オルガ・ロウ殺人事件を伝える3月8日付けの新聞記事はわずか数行のものでした。

それから5ヶ月たった8月4日の続報は詳細を伝える長いもので、この事件の全容が初めて明らかになりました。見出しは「キスで終わった妻殺し」。
"殺人は簡単なことだった。レックス・アーサー・ロウは妻がこれ以上アルツハイマーに苦しむことに耐えられないと悟り、睡眠薬、木槌、枕を用意した"。
"3月6日、妻をべッドに寝かせ、睡眠薬を飲ませ、眠りに落ちたところを小槌で殴り、枕を押し付けて息の根を止めた。そして、妻の額にキスし、「すぐにお前のところに行くよ」と囁やいた"。

"レックスは1時間待って妻の死を確認した。妻が生き返った時に自分が既にこの世を去っているようなことがあってはならなかった。彼はナイフで手首を切り、死を待つ間に1人息子のジョンに遺書を書いた。
「すまない。でも私はこれ以上耐えられなかった。オルガは日増しに悪くなっていくばかりだ。家を売って金を作ってくれ。そして我々を荼毘に付し密葬にしてくれ。」
彼は部屋を汚さないよう滴る血を集めるために、ベッドの脇にバケツを置いて眠りについた"。

しかし、レックスは永久の眠りにつくことはできませんでした。傷口で血が凝固してしまったのです。明け方4時に目が覚めてしまったものの、すぐには警察に通報せず、夜明けを待ちました。これに対し彼は、
"彼らを起こしたくなかったのです。警察にできることは何もなかったのですから"
と語り、通報の際には「私は生き甲斐を失いました」と告げています。そのためオルガは7時45分になって初めて死亡しているのを発見されたのです。

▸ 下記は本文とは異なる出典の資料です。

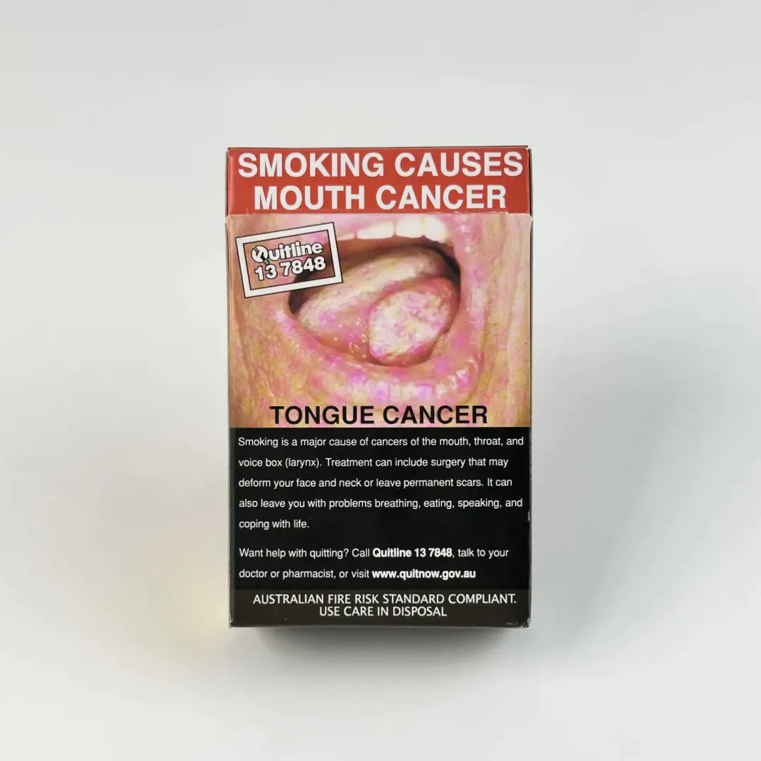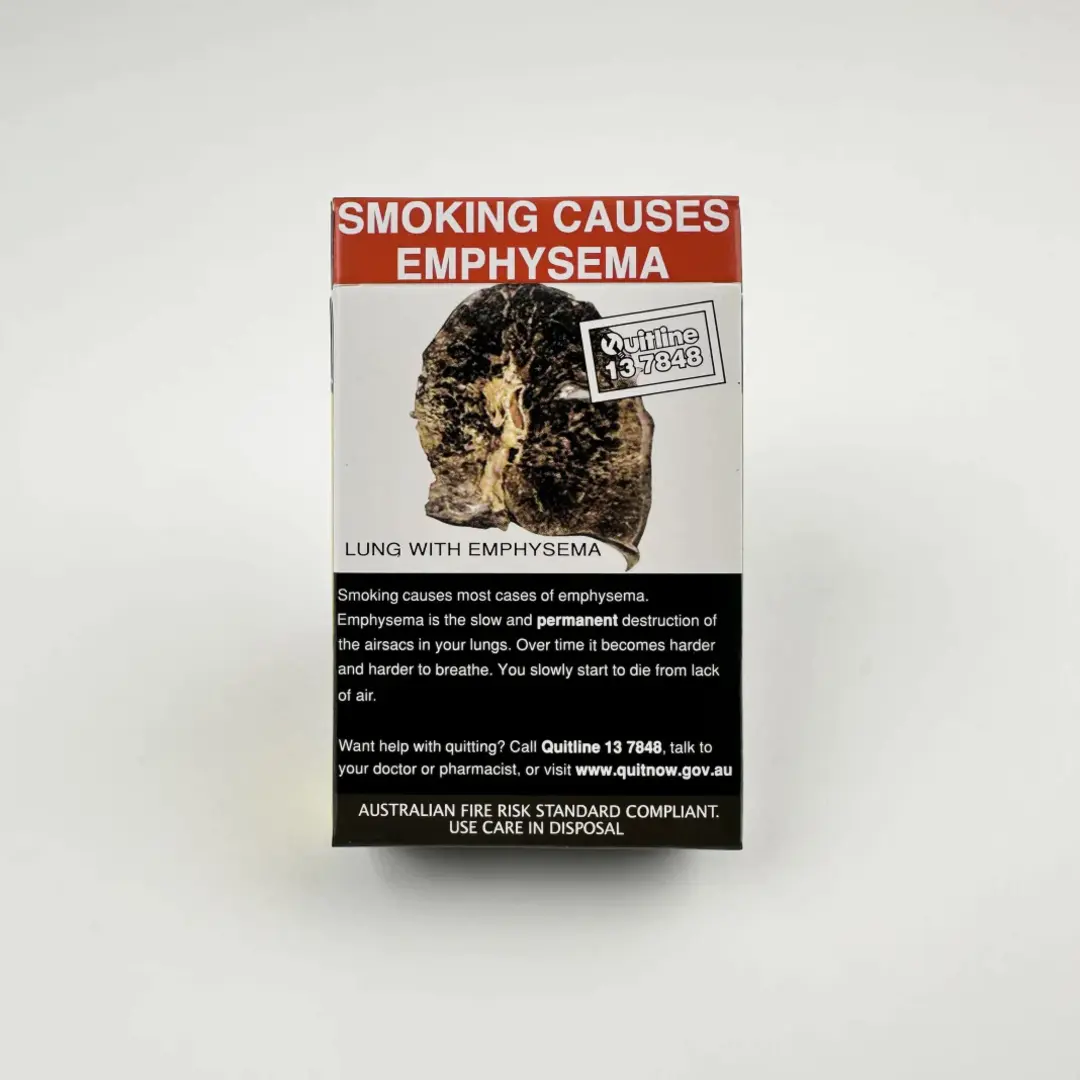 Packaging Black hard pack with mandatory graphic health warnings (Australian market variant)
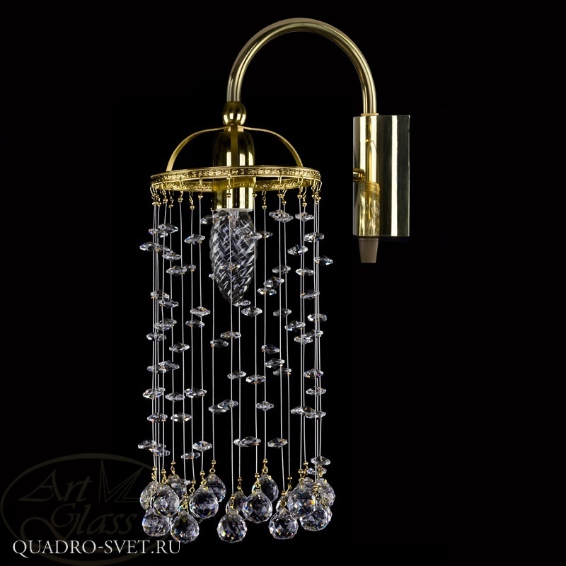 Хрустальное бра размерами 12 х 40 см с 1 лампочкой и хрустальными подвесками Crystal Exclusive или Swarovski Spectra. Хрустальные и стеклянные элементы вместе с мягко блестящими металлическими деталями гарантируют высокий блеск этого изделия. Бра подходит к всем типам интерьеров - классическим и современным, и прекрасно комбинируется с другими типами освещения - потолочными светильниками или настольными лампами.
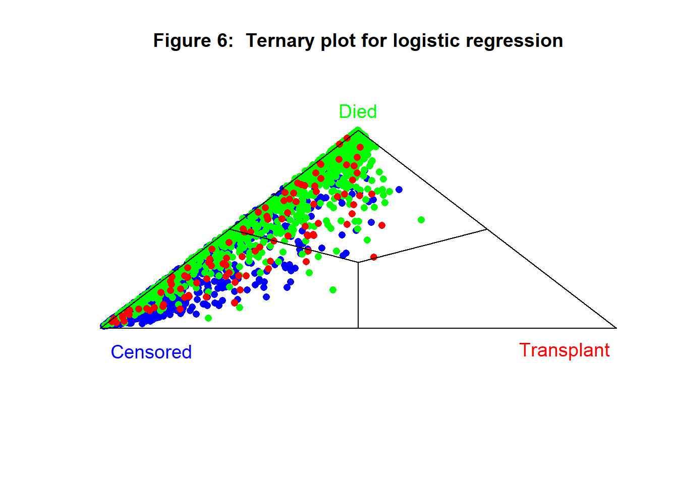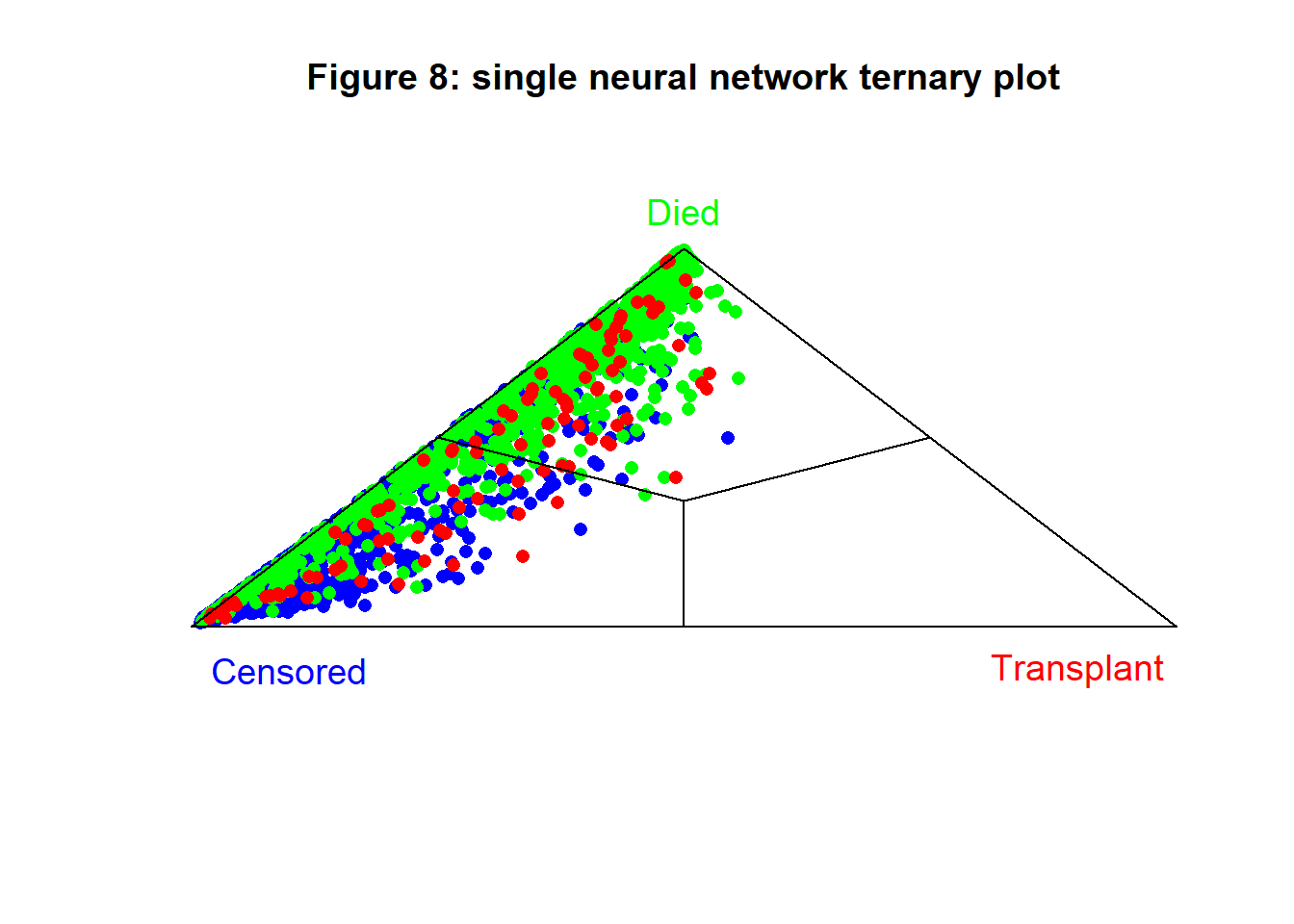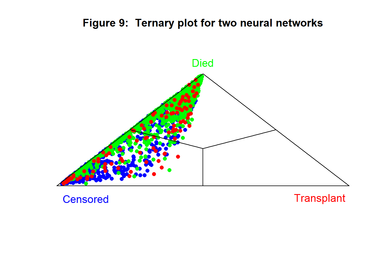 The ternary plot for the test sample is shown in figure 6, it confirms the generally poor performance of the model and the particular difficulty of identifying the transplant patients.

8月3日、オークランド高等裁判所はレックス・ロウを殺人の罪で有罪としましたが、懲役が確定する8月30日まで引き続き息子の監督のもとで保釈の身とすると発表しました。弁護人は実刑をともなわない判決を求めています。というのもNZでは法律を見直しており、レックスは殺人罪が確定しながらも実刑を免れる初のケースになる可能性があるのだそうです。しかし、本人は自分に実刑判決が下りなかった場合、他の殺人事件を誘発してしまうのではないかと懸念しています。
「私は実刑になった方がいい。金のために同じことをしかねない奴らを誤解させてしまう。」
と語り、心の準備ができていることを表明しています。

夫婦は今から56年前の1946年にダンスホールで知り合い、64年にテムズに移り住みました。洋品店を営んでいたオルガがある日、お客からアルツハイマーで苦しんでいる人の話を聞いたことをレックスに語り、
「もしも私がそうなったら殺して。」
と頼みました。夫はそれに同意し、もし自分が同じ目にあったら同じようにするよう妻に頼んだのでした。
「それは心から真摯なものでした。」
とレックスは回顧しています。

そんな妻の様子に変化が出てきたのは7年前でした。始めは魚のエサを庭に撒いたり、小切手を隠したりというほんの"ささいな事"だったのですが、4、5年前にはアルツハイマーと診断され、皮肉なことにその病気を最も恐れていた妻こそが発症してしまったのです。夫は老人ホーム行きを嫌がる妻のため、家でたった1人で介護することを決めました。1年前からは病状が一段と重くなり、妻は夫すら判らなくなってしまいました。子どもに戻って両親を呼び求め、訳の分からないことを口走り、夜中に徘徊し始めました。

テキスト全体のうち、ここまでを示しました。